Not everyone binges to beat stress. A study credits good habits for it. Three professionals share theirs
It may sound counter-intuitive, but a new research conducted by habit specialists show that in times of stress, not everyone falls into self-destructive routines such as over-eating, sleeping less, drinking excessive alcohol or even, shopping more.
People who have inculcated good behaviours over the years — anything from eating a healthy breakfast to praying before sleeping — are at an advantage.
The study, conducted across five experiments appearing in the June issue of the Journal of Personality and Social Psychology, published by the American Psychological Association, finds that stressful times don’t automatically mean indulgence or hedonism. It’s the underlying routine that matters. If we’re used to a kind of behaviour that is healthful and productive, we’re as likely to do those to cope with stress.
“When we try to change our behaviour, we strategise about our motivation and self-control. But what we should be thinking about instead is how to set up new habits.

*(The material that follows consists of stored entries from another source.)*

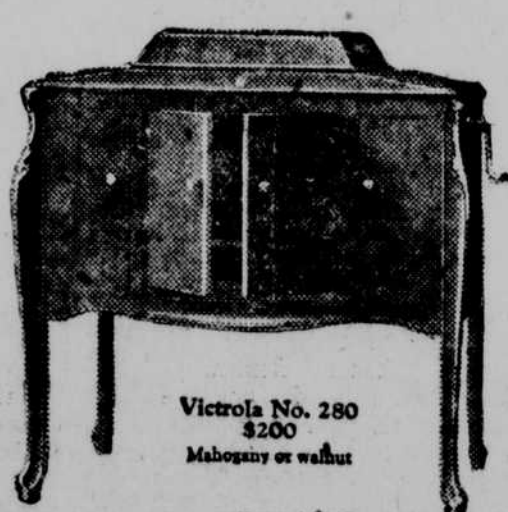
Victrola No. 280 $200 Mahogany or walnut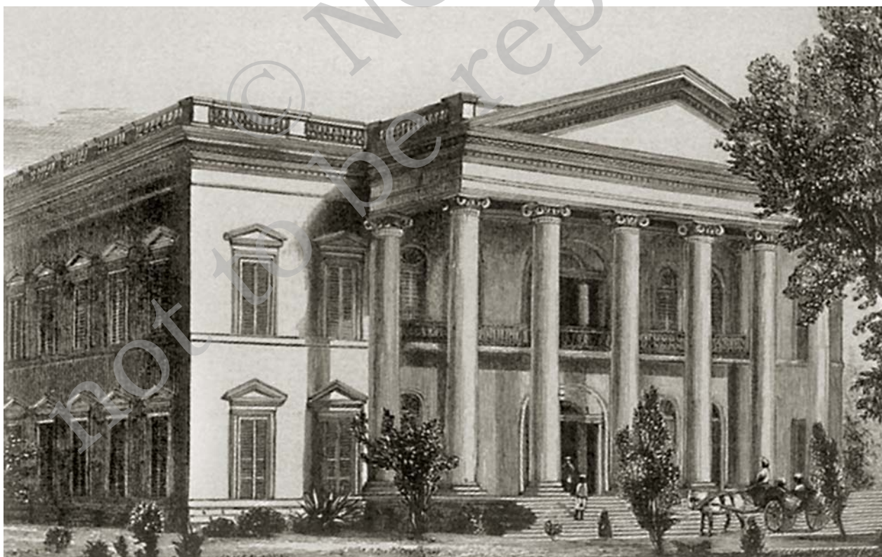
Fig. 7 – Serampore College on the banks of the river Hooghly near Calcutta

Over the nineteenth century, missionary schools were set up all over India. After 1857, however, the British government in India was reluctant to directly support missionary education. There was a feeling that any strong attack on local customs, practices, beliefs and religious ideas might enrage “native” opinion.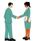
Merger and Acquisition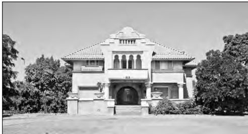
The John Hetebrink House, the finest example of residential Mission Revival architecture in Fullerton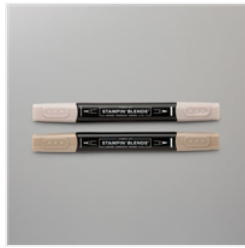
Crumb Cake Stampin' Blends Combo Pack - 154882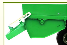
Straw Management System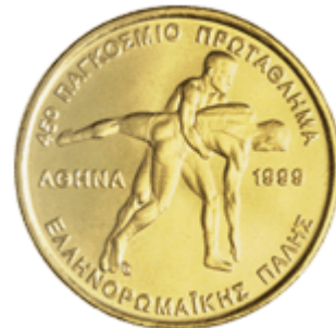
MODERN WRESTLING EVENT

Metallic Composition: Copper 92% Aluminium 6% Nickel 2% Diameter: 29,50 mm Weight: 10 gr. Year of first issue: 1999

Habits persist even when we’re tired and don’t have the energy to exert self-control,” says Wendy Wood, Provost Professor of Psychology and Business at USC, who led the research with David Neal.
How does one inculcate a good habit? By making the behaviour easy to perform repeatedly, so that it becomes a part of your daily routine. We bring you three such folks in pressured, deadline-chasing jobs, and ask them what behaviours help them cope with stress.
Laughing it off
– Kanishka Sinha Executive coach
Healthy habit: Watches comedy
Kanishka Sinha is a 35-year-old personal development trainer who works with high-ranking corporate executives, teaching them leadership skills and communication techniques that alleviate stress at work. Yet, the principal stressor of this Deonar resident and father to a toddler is not knowing where and when a fresh batch of clients will emerge.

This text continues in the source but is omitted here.